Stay up to date with notifications from The Independent

Notifications can be managed in browser preferences.

Market Report: Barclays rises as bulls reclaim FTSE 100

Nikhil Kumar
Friday 01 May 2009 00:00 BST
Comments

Your support helps us to tell the story

Our mission is to deliver unbiased, fact-based reporting that holds power to account and exposes the truth.

Whether $5 or $50, every contribution counts.

Support us to deliver journalism without an agenda.

Head shot of Louise Thomas

Louise Thomas

Editor

The banking sector rally persisted last night, with Barclays climbing to its highest level since early October as the FTSE 100 moved into bull market territory.

The lender rose to 281.5p, up 9.8 per cent or 25p, after analysts at RBS raised their earnings estimates, telling clients that the group, which has managed to maintain a distance from the Treasury by seeking support in the Middle East, was on track to outperform its domestic banking peers.

"Barclays looks set to deliver a 28 per cent uplift in marked-to-market TCE [tangible common equity]. Progress at Lloyds and HSBC is much more muted on this front," the broker said, highlighting the likely benefits of strong capital market revenues, which are expected to be well ahead of peers. In line with its bullish views, RBS upgraded the stock to "buy" from "sell".
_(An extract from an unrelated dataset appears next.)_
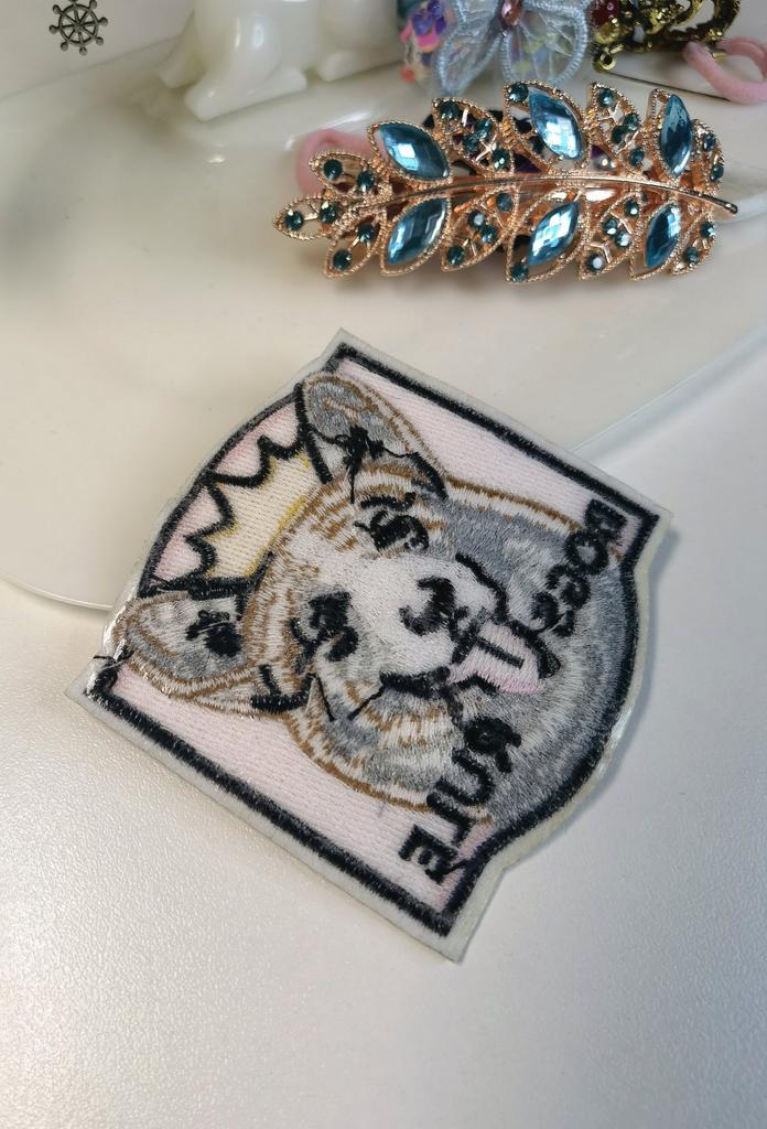Термонаклейка собака с короной Наклейка аккуратная, качественная, хочется рассматривать. Размеры соответствуют промофото. Приклеивается на одежду с помощью утюга. Можно дополнительно для надёжности пришить. Но держится крепко. Брала для декорирования верхней одежды, сумок, рюкзаков, тканевой обуви (чешки, балетки) и т. д.

In the wider sector, Lloyds Banking Group was 8.2 per cent or 8.5p ahead at 112p, while the Royal Bank of Scotland climbed to 41.8p, up 13.6 per cent or 5p.

Overall, the FTSE 100 swung to 4,243.71, up 1.3 per cent or 54.12 points, while the FTSE 250 climbed to 7,528.95, up 2.3 per cent or 170.97 points.

Last night's rally came at the end of the benchmark's best month since April 2003, and pulled the FTSE 100 into bull market territory, which is defined as a 20 per cent rise from recent lows. Since hitting 3,512.09 in early March, the index is up by almost 21 per cent.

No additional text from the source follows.